Climate science is relatively simple, and some of the effects of climate change are well known. But at one point, the relatively simple physics of climate change intersected with more complex organisms and ecosystems. These changes and disruptions to ecosystems caused by non-climate-related human impacts are not well understood and more difficult to measure. Compared to the huge impact of greenhouse gases on our climate, the web of relationships in the ecological world is more nuanced and complex. Yet millions of small changes in our biosphere could easily have an impact as large as climate change.
Ms Bewick’s call for climate and biodiversity measures to be integrated into one framework makes sense because the two sets of impacts are linked. It’s also a way for relatively less “popular” biodiversity impacts to cash in on the currency and “reputation” of climate impacts. Most importantly, we move beyond the improvisational stage of environmental sustainability metrics. In corporate finance, accounting terms are defined and regulated by governments, not NGOs. When the SEC began during the New Deal period, it was responsible for developing generally accepted accounting practices. The SEC or some other agency of the U.S. federal government needs to begin the process of developing generally accepted environmental sustainability metrics. If these are to become regular elements of corporate disclosure, companies need to clearly define what they must disclose. This could start with climate disclosures now proposed, but should then be extended to broader measures of environmental impact and risk.
The purpose of the SEC rules is precisely to provide clearer metrics for climate disclosure.According to Richard Vanderford in Wall Street Journal:
“This [SEC Climate Disclosure] The rules are designed to bring order to uneven climate reporting by different public companies. In lieu of voluntary sustainability reporting using hand-picked metrics, companies must disclose in greater detail how much carbon they emit and how they plan to address looming climate risks. In theory, investors can make more informed comparisons of businesses. “
However, he noted that the rule would expose companies to lawsuits for reporting errors, and he also Commentd:
“…A 500-page proposal for a set of climate disclosure requirements, if adopted, would become The broadest and most complex disclosure requirements The agency has yet to propose…Observers have noted that the new regime will require companies to expend considerable resources to develop these disclosures. ”

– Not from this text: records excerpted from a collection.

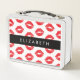 Red Lips, Red Lipstick, Pattern Of Lips, Your Name Metal Lunch Box
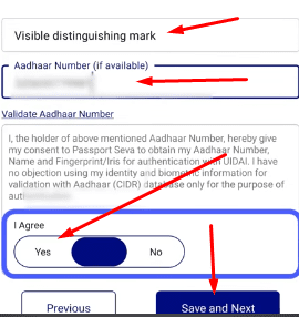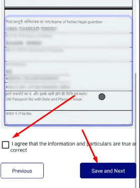अपने पासपोर्ट अप्लाई करने के लिए अभी जो जानकारी दर्ज की है सभी यहां पर दिखाई देगी पहले सभी जानकारी सही से चेक करें तथा I Agree पर क्लिक करके save and next पर क्लिककर दें
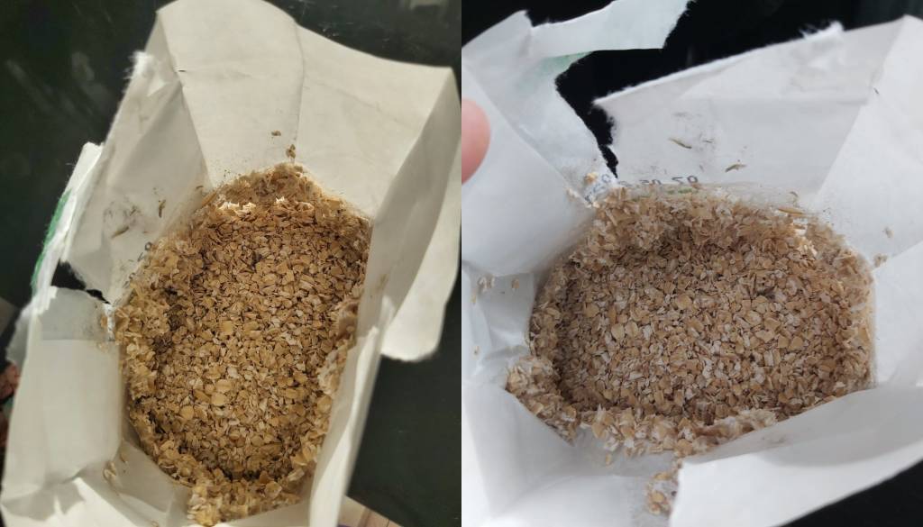 V Facebook skupini Mamice čvekamo se je pojavila fotografija paketa ovsenih kosmičev, kupljenih v Tušu. Po navedbah članice skupine so bili kosmiči kupljeni v enem izmed ptujskih Tušev.
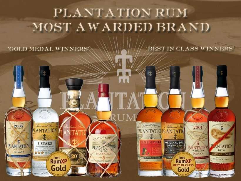 Золотые награды, полученные ромом Plantation в конкурсе Rum XP Competition:
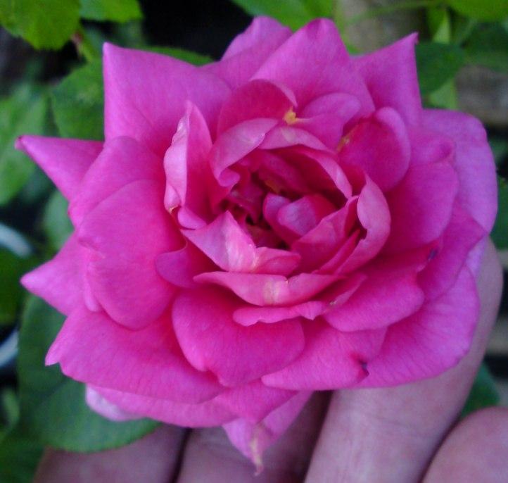 So; nun ist Madame endlich aufgeblüht; ich habe leider nur Bilder von gestern Abend, da ich übers Wochenende ein paar Tage in den Bergen war:Der Rose geht's eigentlich gut, ich hab sie allerdings immer noch im Topf und etwas stiefmütterlich behandelt, das Substrat war wohl etwas sehr mager, so dass sie nicht wahnsinnig viele Neutriebe machte diesen Frühsommer. Für eine sehr schön entwickelte Knospe reichte es allerdings, leider ging ich kurz vor dem Aufblühen gut 3 Wochen in den Urlaub und als ich zurückkam, konnte ich dann eine Matschball-Mumie bestaunenDas Wetter war aber auch gar grässlich, sehr kalt und regnerisch....Nun treibt sie schön durch (der Austrieb ist nun auch rot wie bei den Eltern) und hat eine neue Knospe angesetzt - diesmal wird sie schön gehätschelt und dann gibt's hoffentlich auch Bilder
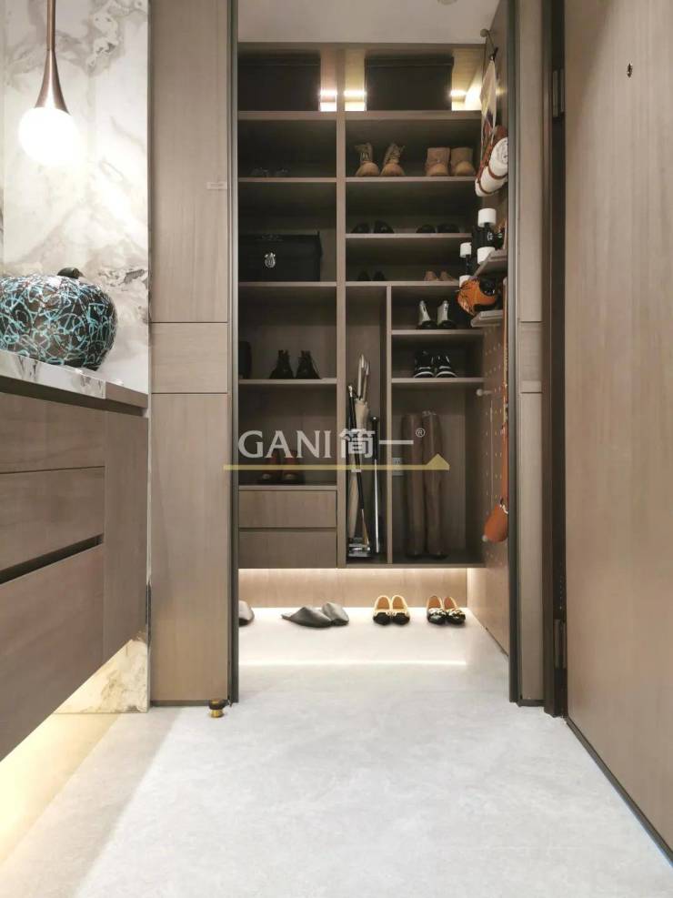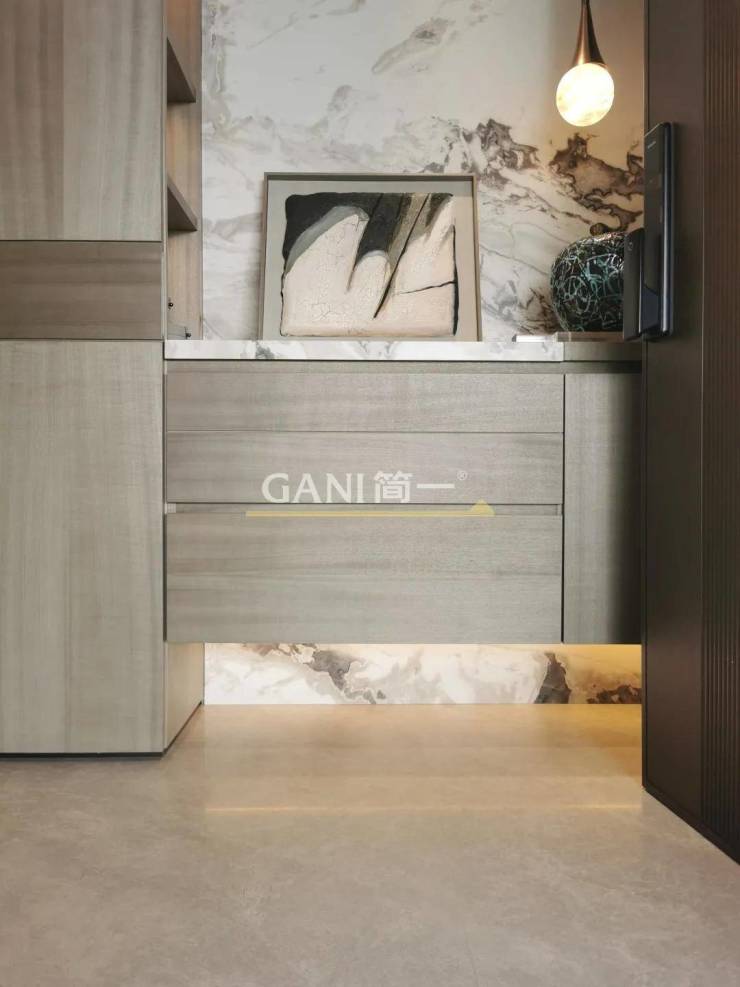 步入玄关,整洁有序的环境让人心情愉悦,归家的疲惫也随之消散。每一寸空间都被巧妙利用,打造出一个既美观又实用的收纳天地。从鞋柜到储物架、艺术感置物台,每一处设计都充满了生活巧思。
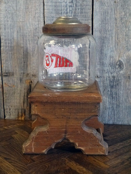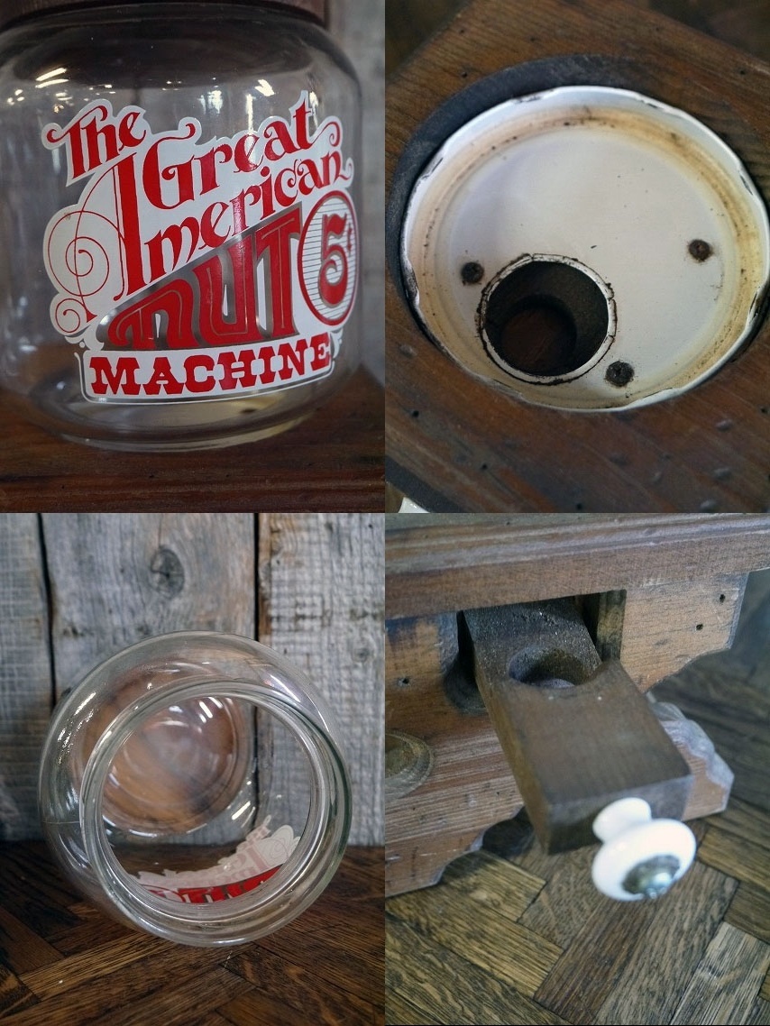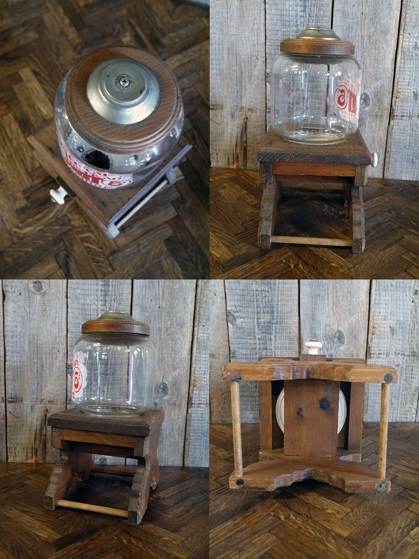 アメリカで買い付けてきましたビンテージのNUTSディスペンサーです。アメリカンなデザインとウッドの風合いがとても雰囲気があります。ウッドスタンドタイプで、下側の取っ手を引くと中身が出てきます。厚めのガラス瓶で、瓶を回すとスタンドから取り外せます。古いものになりますので、お店のディスプレイとしてオススメです。上蓋部分の接着は劣化してほとんどは外れて欠損していますがこちらも付属しています。年代の表記はありませんがデザインから1970年代〜80年前後頃になります。状態ですが、経年経過による多少の使用感で擦れ、ペイントロス、ウッド部分に汚れや傷、画像ではわかりにくいのですですがガラス部分に生産工程上に出来た多少の凹凸、金属部分に多少のサビはありますが、目立つ様なダメージも無くディスプレイには問題ない状態で良いです。ただあくまでビンテージですのでご理解いただける方のご購入をよろしくお願いします
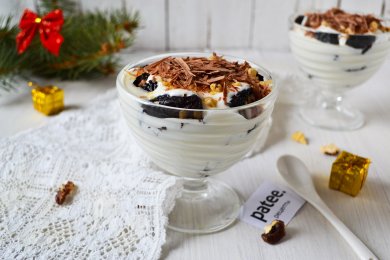 Совершенно простой в приготовлении, но при этом очень вкусный, легкий десерт на основе подкопченного чернослива, с грецкими орехами в сметанном креме.
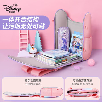 迪士尼(Disney)书包小学生1-3年级减负护脊一体开合女孩儿童双肩包艾莎公主橙色
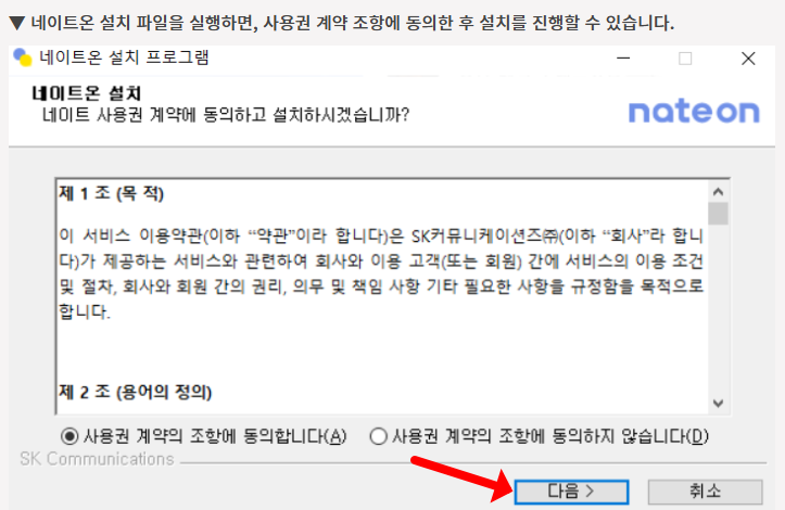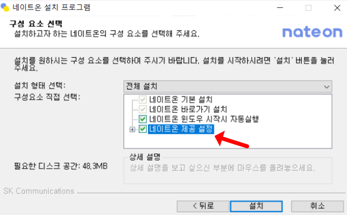 프로그램을 다운로드 하셨다면 그 후 설치 과정은 매우 간단합니다. 설치 파일을 실행하면 사용권 약관 동의 화면이 나오는데요. 내용을 확인하고 동의하시면 됩니다. 그 다음 설치 구성요소 선택 화면에서는 기본 설정으로 두시는 것이 좋습니다. 다만, '네이트온 제공 설정'은 체크를 해제하는 것이 좋아요. 이 옵션을 체크하면 웹 브라우저의 시작 페이지가 네이트로 변경되고, 작업 표시줄에 바로가기가 생성되거든요. 설치가 완료되면 네이트온을 실행할 수 있습니다.
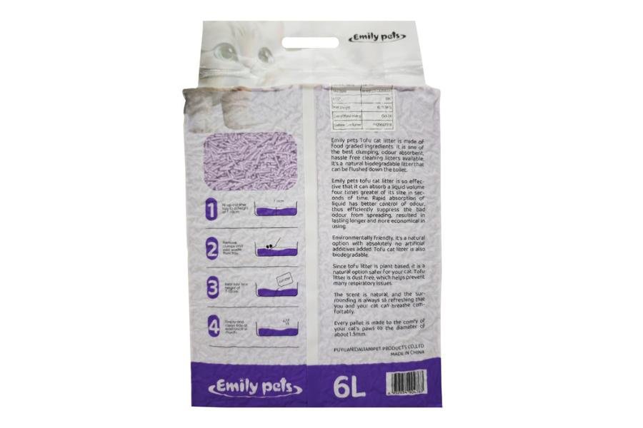 Emily Pets “Tofu”- ს მწვანე ჩაის ქვიშა სოიოსგან მზადდება. გრანულები არ ეკვრის თათებს, ბეწვს და ამავდროულად მაქსიმალურად შთანთქავს ტენიანობას და სუნს. ქვიშას ასევე აქვს ანტისეპტიკური თვისებები რაც საშუალებას გაძლევთ შექმნათ კომფორტული გარემო თქვენი შინაური ცხოველებისთვის.

There is no doubt that adding sustainability metrics to management will be complex, and we will make mistakes in learning how to do it. Just as financial reporting keeps accounting firms in business, compliance with environmental sustainability metrics reporting requirements will cost companies a lot of cash and provide funding for a growing number of sustainability professionals. But if we want to grow our economy without destroying the planet, we need to better measure and manage our environmental impact. I’m encouraged that these disclosure and measurement issues are finally making their way onto the political agenda. To quote “Druckerism,” “In order to manage something, you have to be able to measure it.” Without measurement, you can’t tell whether management’s actions are making things better or worse. Without these measures, we would not be able to adequately manage environmental sustainability. The SEC’s proposal is an important first step. It has to go on, then build and improve.